Planned retrospective follow-up period for 1 patient is a period starting from the date of mBC diagnosis until end study or until patient's death, whichever occurs first. End of study will be at least 12 months after the latest date of mBC diagnosis to ensure all patients have the opportunity to contribute at least 12 months of data.
Description
Planned study population consists of approximately 1,000 adult patients with HER2-positive mBC receiving anti-HER2 therapy in about 50 oncological centers (in each center it is expected to recruit about 20 patients) in different regions in order to provide representative study sample. Patients will be included consecutively from the least recent diagnosis (within defined time period).
Planned retrospective follow-up period for 1 patient is a period starting from the date of mBC diagnosis until end study or until patient's death, whichever occurs first. End of study will be at least 12 months after the latest date of mBC diagnosis to ensure all patients have the opportunity to contribute at least 12 months of data.
Only patients who were diagnosed between the 1st July 2021 and 1st July 2022 will be included. Patients should have at least 12 months of follow-up data. In case patient died within the first 12 months of diagnosis, these data from date of mBC diagnosis until patient's death should also be included.

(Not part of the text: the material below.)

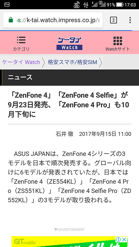 • 「ZenFone 4」「ZenFone 4 Selfie」が9月23日発売、「ZenFone 4 Pro」も10月下旬に

It will be multicenter study
Eligibility
Inclusion Criteria:
- Patients with HER2-positive mBC who are receiving or have started any anti-HER2 therapy (except for trastuzumab deruxtecan) at the time of inclusion;
- The diagnosis of mBC was established between the 1st July 2021 and the 1st July 2022;
- Patients with the availability of at least 12 months of follow-up data (from the index data) in the medical records at the participating site, unless patient died within the first 12 months of diagnosis;
- Age ≥ 18 years at the time of inclusion.
Exclusion Criteria:
- Presence of other malignancies within period since diagnosis until the timepoint of data collection;
- Patients receiving trastuzumab deruxtecan currently or in the anamnesis;
- The participation in any randomized controlled trial within period since diagnosis until end of study.